I've written a Python Dataflow job to process some data:
pipeline
| "read" >> beam.io.ReadFromText(known_args.input) # 9 min 44 sec
| "parse_line" >> beam.Map(parse_line) # 4 min 55 sec
| "add_key" >> beam.Map(add_key) # 48 sec
| "group_by_key" >> beam.GroupByKey() # 11 min 56 sec
| "map_values" >> beam.ParDo(MapValuesFn()) # 11 min 40 sec
| "json_encode" >> beam.Map(json.dumps) # 26 sec
| "output" >> beam.io.textio.WriteToText(known_args.output) # 22 sec
(I have removed business-specific language.)
The input is a 1.36 GiB gz-compressed CSV, yet the job takes 37 min 34 sec to run (I am using Dataflow as I expect the input to grow rapidly in size).
How can I identify the bottle-necks in the pipeline and speed up its execution?
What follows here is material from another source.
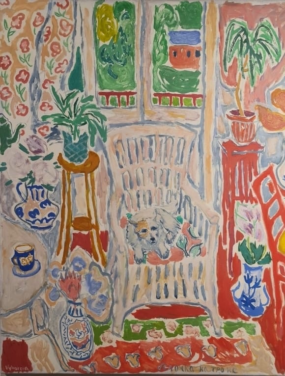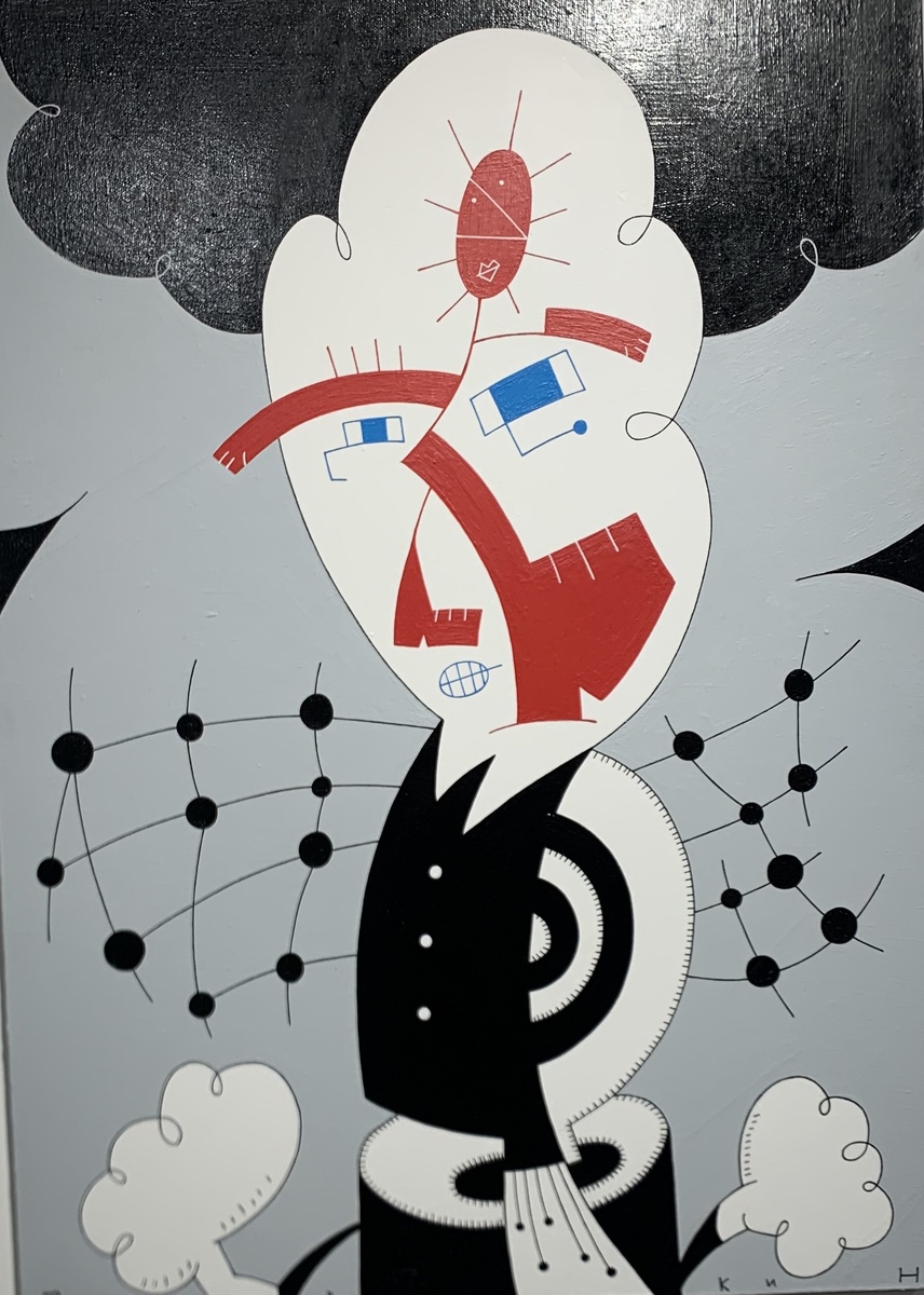 И… пройдясь по первому разу дальше, отыскивая что-то интересное, цепляющее глаз, пришли к весьма неутешительному выводу: многие художники, в поисках своего неповторимого и оригинального, застряли где-то в непонятной ностальгии по импрессионизму и модернизму, впадая в наивное детство, другие западают на Кандинского, Шагала, Пикассо, третьи балансируют на грани фигуратива и абстракции, вцепившись в последнюю как в спасительный круг. И что? Да ничего. Начитавшись порой не сильно грамотных сопроводилок, пошли по второму кругу.

None of the individual functions are computationally expensive.
Autoscaling information from the Dataflow console:
12:00:35 PM Starting a pool of 1 workers.
12:05:02 PM Autoscaling: Raised the number of workers to 2 based on the rate of progress in the currently running step(s).
12:10:02 PM Autoscaling: Reduced the number of workers to 1 based on the rate of progress in the currently running step(s).
12:29:09 PM Autoscaling: Raised the number of workers to 3 based on the rate of progress in the currently running step(s).
12:35:10 PM Stopping worker pool.